# Multiple IRP Complete Requests Error



## -=Rousseau=-

I have a new Dell Inspiron E1505 with XP MCE. I have been getting the following error lately (4 or 5 times, same error):

(Blue Screen of Death)

"Multiple_IRP_COMPLETE_REQUESTS

Tech Info:

Stop: 0x00000044 (0x84CF4E48,0x00000D62,0x00000000,0x00000000)"

The error then states that the memory is dumped.

Computer info:

Windows XP MCE
120GB HDD, partitioned with 15 GB as "recovery space" by Dell.
Internal Bluetooth and 802.11b/g wireless
McAfee Virus Protection (Virus Scan + Firewall)
Microsoft Wireless Laser Mouse 6000 (Possible source - driver error?)

Very few programs are installed, just PSP8, Dreamweaver, Flash MX, Trillian, and Microsoft Office, plus 2 games - Halo and AOE3. Everything else came on the computer, and most of the bundled software I deleted.

I've fully updated XP, SP2, etc etc. as well.


----------



## Geekgirl

What are you doing on the system at the time of the BSOD?

Look these over
http://support.microsoft.com/defaul...kb;en-us;273600
http://support.microsoft.com/defaul...kb;en-us;294876


Do you have Novell Client installed? If so you need to install the Novell Client 4.83 Post SP 2 Update "E" - TID2966677.


----------



## -=Rousseau=-

I was away from the computer at the time. The BSOD error has happened usually after startup, it may be one of the startup programs/drivers --> Bluetooth, Wireless, McAfee, or Trillian. I have had similar errors before with a wireless driver, but that was with an external card, not an internal. The two links didn't work for me... I do not believe I have Novell installed on my computer, but I'll check.


----------



## Geekgirl

My bad, dont know why the links didnt work, try this

http://support.microsoft.com/?kbid=294876

If you feel its an issue with Bluetooth, Wireless, McAfee, or Trillian you can disable those from running at startup one at a time to find the one giving you your issue


----------



## -=Rousseau=-

I would have done that, but it's not constant. It only happens randomly, as far as I can tell. It happens about once in every 7 or 8 startups. I may just update the wireless/bluetooth drivers + Trillian and see if that works.


----------



## -=Rousseau=-

The problem seemed to go away for a while, but has recently come back... I reinstalled Trillian, and tried to update the wireless driver but I'm fully up to date... Any ideas?


----------



## Geekgirl

Run the Windows Memory Diagnostic Test
http://oca.microsoft.com/en/windiag.asp

The Windows Memory Diagnostic tests the Random Access Memory (RAM) on your computer for errors. The diagnostic includes a comprehensive set of memory tests. If you are experiencing problems while running Windows, you can use the diagnostic to determine whether the problems are caused by failing hardware, such as RAM or the memory system of your motherboard.

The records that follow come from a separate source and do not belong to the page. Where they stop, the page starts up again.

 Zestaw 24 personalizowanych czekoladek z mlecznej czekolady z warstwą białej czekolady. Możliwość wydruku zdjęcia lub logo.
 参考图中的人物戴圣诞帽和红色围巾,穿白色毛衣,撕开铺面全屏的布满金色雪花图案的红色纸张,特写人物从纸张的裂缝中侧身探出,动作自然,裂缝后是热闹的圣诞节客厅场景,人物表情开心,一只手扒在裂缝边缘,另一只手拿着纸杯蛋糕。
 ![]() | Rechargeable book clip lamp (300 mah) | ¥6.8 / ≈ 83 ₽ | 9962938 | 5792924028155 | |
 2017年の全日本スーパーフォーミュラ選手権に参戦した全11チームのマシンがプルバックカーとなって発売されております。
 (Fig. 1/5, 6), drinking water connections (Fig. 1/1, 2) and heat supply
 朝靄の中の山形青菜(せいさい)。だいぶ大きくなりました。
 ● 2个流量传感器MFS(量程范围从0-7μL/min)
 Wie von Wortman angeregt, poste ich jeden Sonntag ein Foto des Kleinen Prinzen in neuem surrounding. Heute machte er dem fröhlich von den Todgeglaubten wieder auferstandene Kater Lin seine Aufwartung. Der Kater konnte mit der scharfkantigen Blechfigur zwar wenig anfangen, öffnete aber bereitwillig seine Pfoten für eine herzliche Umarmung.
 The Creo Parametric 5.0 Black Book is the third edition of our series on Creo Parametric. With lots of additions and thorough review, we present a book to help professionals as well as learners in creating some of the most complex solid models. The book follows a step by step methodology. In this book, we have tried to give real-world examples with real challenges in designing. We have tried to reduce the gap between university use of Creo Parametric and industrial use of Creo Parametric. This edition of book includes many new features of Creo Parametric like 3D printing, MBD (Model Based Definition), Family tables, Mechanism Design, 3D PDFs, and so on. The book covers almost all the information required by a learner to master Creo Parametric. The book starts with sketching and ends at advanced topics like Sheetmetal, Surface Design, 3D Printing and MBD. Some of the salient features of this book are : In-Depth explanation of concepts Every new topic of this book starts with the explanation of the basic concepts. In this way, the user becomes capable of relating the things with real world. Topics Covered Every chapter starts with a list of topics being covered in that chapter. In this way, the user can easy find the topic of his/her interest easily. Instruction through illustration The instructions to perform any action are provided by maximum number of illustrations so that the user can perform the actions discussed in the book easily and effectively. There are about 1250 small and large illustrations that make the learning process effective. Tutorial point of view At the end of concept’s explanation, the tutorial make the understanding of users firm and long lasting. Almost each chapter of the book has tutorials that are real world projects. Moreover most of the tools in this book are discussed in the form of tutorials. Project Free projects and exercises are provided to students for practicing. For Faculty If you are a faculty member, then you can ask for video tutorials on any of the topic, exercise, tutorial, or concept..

Windows Memory Diagnostic is designed to be easy and fast. On most configurations, you can download the diagnostic, read the documentation, run the test and complete the first test pass in less than 30 minutes.


Also, check the error messages by looking in the Event Viewer (Start->Settings->Control Panel->Administrative Tools->Event Viewer).


----------



## -=Rousseau=-

Ok I ran the memtest, and then booted the computer again. Then the problem happened again. According to the event viewer, this same error (Category (102), all with similar codes) has happened twice today, once yesterday, then the most recent problem is June 11 after that. I believe it is Trillian, because the one thing I know there is in common in each of the instances is that Trillian has been running. Each and every time. So I am uninstalling Trillian. I hope this works....


----------



## -=Rousseau=-

Ok I entered the category 2 data, etc into google and found another forum posting with the same problem, which mentioned a program called Driver Detective, off of driverhq.com. I ran this program, it found that the wireless driver was bad (As I suspected in the first place). I then found the latest driver on the intel website, and updated to it, then scanned again with DD. It said it was still bad, so I went to dell.com and found THEIR wireless driver for the Intel 3945 ABG wireless, and d/l'ed it. Then I scanned again, and presto, all drivers are A ok. If I have the problem again, I'll post, but I think that solved it. (BTW, this update came available 6/13/06, so I wasn't lying when I said I was up to date earlier :grin: )


----------



## -=Rousseau=-

- er... I updated after my last post on 6/11, then just didn't post for a while...


----------



## Geekgirl

I'll leave this thread open just incase (hopefully not) your issues is not resolved. 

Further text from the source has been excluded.